And it’s not just in the U.S. that this trend is evident. Looking at household debt data from around the world, courtesy of the International Monetary Fund, we can get a good picture of just how big this problem really is.

While the overall amount of Americans’ debt is more than double of the next closest country (China), America’s growing economy suggests Americans are still in a strong position to manage their debt load.  The biggest debt growth story comes from China; their expanding middle class has taken their household debt as a percentage of GDP (Gross Domestic Product) from 17.8% to 54.2% in the past 10 years. The growth has happened so rapidly that China’s central bank is concerned about a debt crisis, and is now looking for ways to safely manage household debt while continuing to grow their enormous consumer economy.

China’s household debt levels might be concerning, but even more troublesome is that Norway, Canada, the Netherlands, Denmark, Australia and Switzerland all have household debt levels above 100% of GDP. Switzerland in particular must be cause for concern at 127%. With Swiss interest rates firmly in the negative, the incentive to keep spending and borrowing could lead to a very unique debt crisis.   

A crisis looming?

What does all this mean for the overall economic health of these countries? Gross Domestic Product (GDP) is the total market value of all the goods and services produced by a country in a specific year. It functions as a scorecard for a country’s economic health. Comparing household debt to the nation’s GDP lets us look at how much debt citizens are holding compared to the country’s overall economic output, so we can see if any countries might be facing a household debt crisis in the near future.

The World's Household Debt as % of GDP - Bar Chart
Click here to see this chart in full size

America’s household debt today is 75.9% of GDP, which is down from 98.6% back in 2007. Globally, household debt to GDP is just under 60%, and the overall amount of debt – $47.3 trillion – can be concerning. In an economic downturn, many people find their incomes dropping. As growing concern of a global debt crisis creeps back into the mainstream, are we in a safer place today due to higher GDP, or is the danger greater due to higher outstanding balances? Only time will tell.

Continental breakdown

This table shows how household debt is mostly concentrated to three regions – North America, Europe and Asia. These regions hold nearly 94% of the world’s household debt whereas Africa, South America and Oceania combine to make up the remaining 6%. The Oceania region that includes Australia and New Zealand is the most heavily indebted region at 116.8% household debt to GDP.

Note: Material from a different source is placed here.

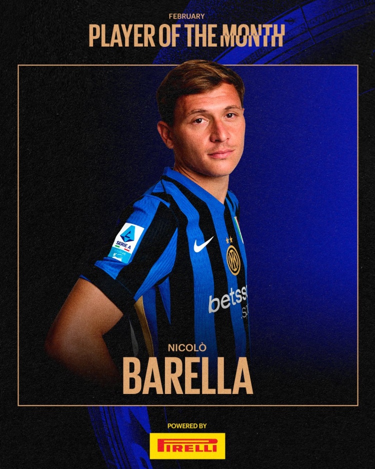 在2月,巴雷拉代表國米在各項賽事中出戰(zhàn)了6場比賽。最終,他擊敗了勞塔羅等人,當(dāng)選隊內(nèi)最佳球員。
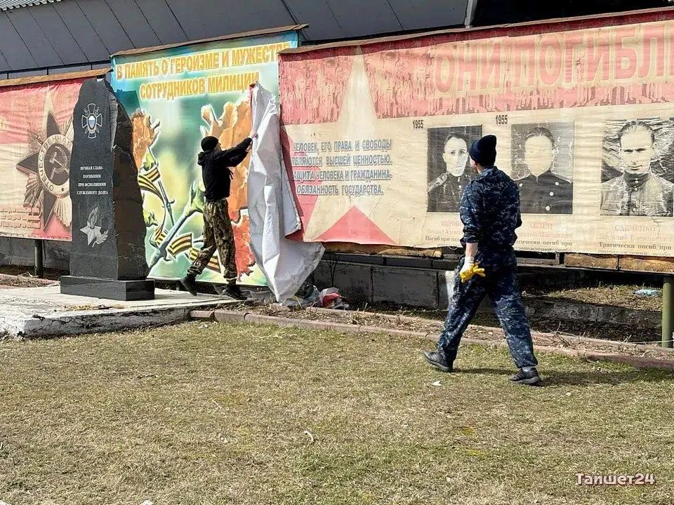 Полиция нашла время для уборки территории около Мемориала на ул. 19 Партсъезда, где по традиции пройдёт митинг 9 мая, и которая в этом году будет благоустроена в рамках федерального проекта «Формирование комфортной городской среды».

Click here to see this table in full size

Household debt by nation

The United States household debt is an astounding $15.6 trillion, which makes up nearly 33% of the world’s total. Despite this astronomical figure, it’s still just 75.9% of the country’s GDP.  Of the 16 countries with a GDP of $1 trillion or more, four of them have household debt levels less than 20% – India, Russia, Mexico and Indonesia. This could be due to a cultural distaste for debt, an underdeveloped banking and credit system, or highly concentrated wealth within the country.

A crisis under control?

While the total amount of household debt has risen steadily since the last economic downturn, global economic expansion has made the debt look manageable on a “percent of GDP” basis for many countries. Other countries are rapidly adding household debt that’s outpacing GDP growth, due to an emerging middle class, or those dangerous cheap and negative interest rates. As the amount of debt grows across the globe, it remains to be seen whether those taking on additional household debt will also benefit enough from the growing economy to make good on their payments through the next economic downturn.

Methodology

To create these charts, our researcher looked into the household debt of each country. The household debt and GDP figures were taken from The International Monetary Fund (IMF). The IMF is a primary source for a wide variety of international economic data. The most recent data available was for the year 2018 from their global debt database. Household debt data was available for 82 countries.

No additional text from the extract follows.